With MPPT controllers, however, the input voltage range can boost up to 150V, which gives you more freedom to connect many solar panels in series, especially in larger solar panels systems.

Here are some simple steps how to select the MPPT charge controller size for your off-grid system:

– Find out the installed solar power Wp of the solar array.

– Find out the charge current Ic by dividing the Wp by the system voltage. For off-grid solar panels systems, it is often 12V.

– Find out the maximum charge current Icmax by multiplying the Ic by 1.2 (the NEC safety factor mentioned above).

– Find out the nominal voltage of the solar array Vmp_array. What matters here is how many panels are connected in series. You get the Vmp_array by multiplying the voltage of a single panel

Vmp_panel by the number of panels connected in series. For the controller to be able to handle the solar array, the Vmp_array should be within the input voltage range of the controller.

– Check out that the maximum voltage of the solar array Voc_array does not exceed the maximum input voltage of the controller.

Similarly to the above, you get Voc_array by multiplying the open circuit voltage of a solar panel Voc_panel by the number of panels connected in series.

It should be noted that solar manufacturers offer sizing tools for solar charge controllers. These tools can help you select the right size of the charge controller for your off-grid system.

You can find a step-by-step guide on how to size an MPPT charge controller, along with all formulas needed, in our book ‘The Ultimate Solar Power Design Guide: Less Theory Practice’.

Commonly made mistakes during charge controller installation

Let’s assume you’ve found the right type and size of charge controller for your off-grid residential or mobile solar power system. Your next step is to plug it into the system together with the other components.

As you know, wires and connections are the veins of every solar panel system. Here are some common rules you must keep while plugging your charge controller:

• Only DC loads should be connected to the charge controller’s output. AC loads should be connected to the inverter’s output.
• Certain appliances, such as low-voltage refrigerators, must be connected directly to the battery.
• In a small DC system with a charge controller, you do not need any fuses other than the one embedded in the charge controller. In larger DC systems, you need to provide a fuse on the positive terminal of the battery.
• The charge controller should always be mounted close to the battery since precise measurement of the battery voltage is an important part of charge controller’s functions. Therefore, even the smallest voltage drops must be avoided.
• A common charge controller has three terminal connections – for the array, for the battery, and for the DC loads.

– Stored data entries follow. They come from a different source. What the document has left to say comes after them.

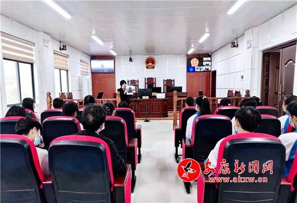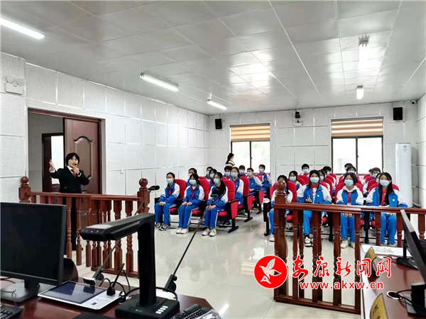 本網(wǎng)訊(通訊員 唐燕)5月25日,新搬遷的蒿坪中心人民法庭迎來了第一批來參觀的“小客人”——蒿坪中學(xué)初二年級學(xué)生,他們著裝整齊,朝氣蓬勃,在蒿坪法庭庭長的引導(dǎo)下,參觀了訴訟服務(wù)中心、審判庭等場所,法官細(xì)致介紹了審判庭的設(shè)置、法徽與法袍的含義、法槌的來歷,以及現(xiàn)有的科技設(shè)備,結(jié)合具體案例講解了《民法典》中與未成年切身相關(guān)的法律規(guī)定,同學(xué)們?nèi)探蚪蛴形兜芈犞,時不時用筆詳細(xì)地做著筆記,對審判庭內(nèi)的一切既興奮又好奇。
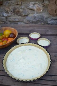 Den Ziegenkäse Guss auf den blind vor gebackenen Tarteboden gießen
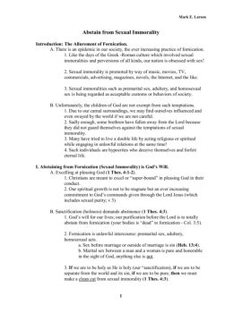 Mark E. Larson 1 Abstain from Sexual Immorality Introduction: The Allurement of Fornication. A. There is an epidemic in our society, the ever increasing practice of ...
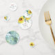 Mesa de confeti para una ducha de bebé con adorables girasoles acuáticos.

The charge controller disconnects the battery to prevent it from overcharging and disconnects the DC loads connected to the controller ‘DC load’ terminal to prevent the battery from overdischarging.
• Every device connected directly to the battery instead of the ‘DC load’ terminal of the charge controller renders the charge controller battery’s overdischarching prevention function useless.
• The inverter should be directly connected to the charge controller ‘DC load’ terminal.
• When connecting the inverter to the charge controller ‘DC load’ terminal, check in the charge controller data sheet whether this terminal is powerful enough to provide the input current to the inverter. Otherwise, connect the higher power inverter directly to the battery bank. In such a case, you will render the charge controller’s function that prevents the battery from overdischarging useless.

Cheap charge controllers have a low-current ‘DC load’ terminal.

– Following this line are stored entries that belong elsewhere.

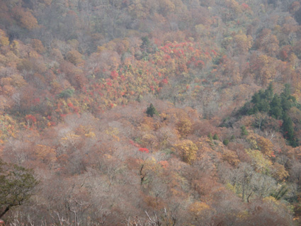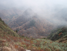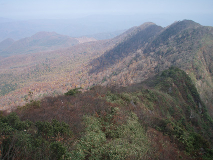 | 岩藤山の尖りと紅葉を眼下に見る → |
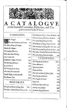 Sommaire du Premier Folio des œuvres de William Shakespeare, 1623.
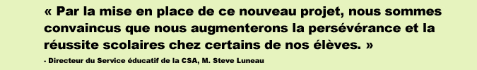 « Par la mise en place de ce nouveau projet, nous sommes convaincus que nous augmenterons la persévérance et la réussite scolaires chez certains de nos élèves, particulièrement chez les élèves handicapés ou en difficulté d’apprentissage et d’adaptation. De plus, cette plate-forme de travail permettra de qualifier davantage la clientèle en formation des métiers semi-spécialisés par l’entremise de la formation générale des adultes », ajoute le directeur du Service éducatif de la CSA, M. Steve Luneau.

Therefore, their only function is preventing the battery from overcharging.

You can only connect a low-power 12V lamp or other low-power DC device to this terminal.

This terminal switches off to prevent the battery from overdischarging.

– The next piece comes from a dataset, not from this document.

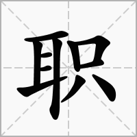 (形声。从耳,只(戠 zhí)声。“职”是“记”的意思。 段玉裁:“凡言职者,谓其善听也。”故从耳。本义:识;记。职为识之本字)

In such a case, you should connect the rest of the DC loads directly to the battery, as there is no way to disconnect them from the battery in case of overdischarging.

There is a strict sequence to follow upon introducing the charge controller to the solar electric system while connecting and while disconnecting the wires between the solar panel, charge controller, and battery bank:

If the battery is not connected to the charge controller first, higher solar panel voltage can damage the load.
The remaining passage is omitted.